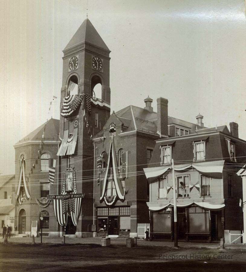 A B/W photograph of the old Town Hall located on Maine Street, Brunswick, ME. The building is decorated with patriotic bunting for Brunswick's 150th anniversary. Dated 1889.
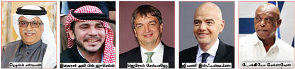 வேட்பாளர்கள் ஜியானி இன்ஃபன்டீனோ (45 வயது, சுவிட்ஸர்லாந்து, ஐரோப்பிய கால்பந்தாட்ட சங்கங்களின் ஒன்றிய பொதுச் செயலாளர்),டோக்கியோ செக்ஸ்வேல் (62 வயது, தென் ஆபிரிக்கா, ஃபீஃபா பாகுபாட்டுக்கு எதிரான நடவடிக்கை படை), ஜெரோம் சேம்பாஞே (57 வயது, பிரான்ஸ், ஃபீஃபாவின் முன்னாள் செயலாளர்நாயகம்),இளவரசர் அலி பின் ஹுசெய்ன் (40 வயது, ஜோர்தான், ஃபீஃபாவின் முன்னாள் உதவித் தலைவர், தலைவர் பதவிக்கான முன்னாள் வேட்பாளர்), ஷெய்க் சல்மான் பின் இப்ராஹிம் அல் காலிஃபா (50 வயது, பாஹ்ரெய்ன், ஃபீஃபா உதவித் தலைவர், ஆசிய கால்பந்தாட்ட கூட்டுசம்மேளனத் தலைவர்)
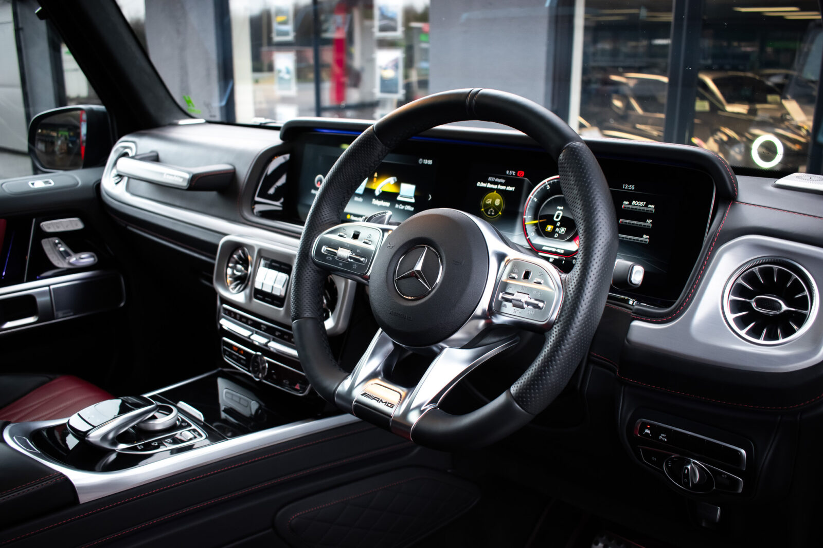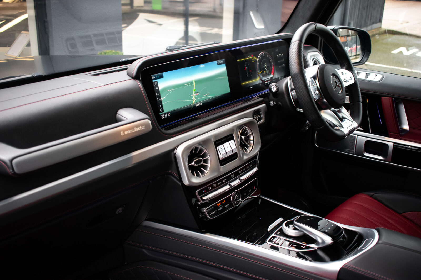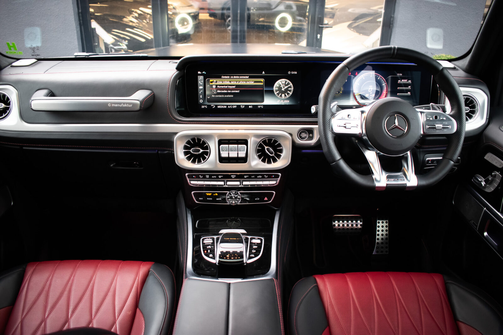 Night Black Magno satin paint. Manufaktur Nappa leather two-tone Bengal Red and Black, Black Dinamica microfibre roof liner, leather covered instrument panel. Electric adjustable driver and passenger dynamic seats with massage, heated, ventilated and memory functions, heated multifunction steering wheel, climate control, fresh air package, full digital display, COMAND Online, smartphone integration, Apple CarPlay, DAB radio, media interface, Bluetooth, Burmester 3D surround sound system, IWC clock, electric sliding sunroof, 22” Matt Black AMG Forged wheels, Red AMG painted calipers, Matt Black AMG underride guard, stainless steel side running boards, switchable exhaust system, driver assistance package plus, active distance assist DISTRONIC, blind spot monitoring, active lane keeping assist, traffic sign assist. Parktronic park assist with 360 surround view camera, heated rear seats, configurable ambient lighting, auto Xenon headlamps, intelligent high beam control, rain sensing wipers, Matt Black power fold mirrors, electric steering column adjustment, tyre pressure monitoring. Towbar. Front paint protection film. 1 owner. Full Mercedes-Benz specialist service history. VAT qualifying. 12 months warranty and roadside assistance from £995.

==================================================

Problem details:
Copy the material exactly. Do not include the pictures.

The completed task:
 A B/W photograph of the old Town Hall located on Maine Street, Brunswick, ME. The building is decorated with patriotic bunting for Brunswick's 150th anniversary. Dated 1889.
 வேட்பாளர்கள் ஜியானி இன்ஃபன்டீனோ (45 வயது, சுவிட்ஸர்லாந்து, ஐரோப்பிய கால்பந்தாட்ட சங்கங்களின் ஒன்றிய பொதுச் செயலாளர்),டோக்கியோ செக்ஸ்வேல் (62 வயது, தென் ஆபிரிக்கா, ஃபீஃபா பாகுபாட்டுக்கு எதிரான நடவடிக்கை படை), ஜெரோம் சேம்பாஞே (57 வயது, பிரான்ஸ், ஃபீஃபாவின் முன்னாள் செயலாளர்நாயகம்),இளவரசர் அலி பின் ஹுசெய்ன் (40 வயது, ஜோர்தான், ஃபீஃபாவின் முன்னாள் உதவித் தலைவர், தலைவர் பதவிக்கான முன்னாள் வேட்பாளர்), ஷெய்க் சல்மான் பின் இப்ராஹிம் அல் காலிஃபா (50 வயது, பாஹ்ரெய்ன், ஃபீஃபா உதவித் தலைவர், ஆசிய கால்பந்தாட்ட கூட்டுசம்மேளனத் தலைவர்)
 Night Black Magno satin paint. Manufaktur Nappa leather two-tone Bengal Red and Black, Black Dinamica microfibre roof liner, leather covered instrument panel. Electric adjustable driver and passenger dynamic seats with massage, heated, ventilated and memory functions, heated multifunction steering wheel, climate control, fresh air package, full digital display, COMAND Online, smartphone integration, Apple CarPlay, DAB radio, media interface, Bluetooth, Burmester 3D surround sound system, IWC clock, electric sliding sunroof, 22” Matt Black AMG Forged wheels, Red AMG painted calipers, Matt Black AMG underride guard, stainless steel side running boards, switchable exhaust system, driver assistance package plus, active distance assist DISTRONIC, blind spot monitoring, active lane keeping assist, traffic sign assist. Parktronic park assist with 360 surround view camera, heated rear seats, configurable ambient lighting, auto Xenon headlamps, intelligent high beam control, rain sensing wipers, Matt Black power fold mirrors, electric steering column adjustment, tyre pressure monitoring. Towbar. Front paint protection film. 1 owner. Full Mercedes-Benz specialist service history. VAT qualifying. 12 months warranty and roadside assistance from £995.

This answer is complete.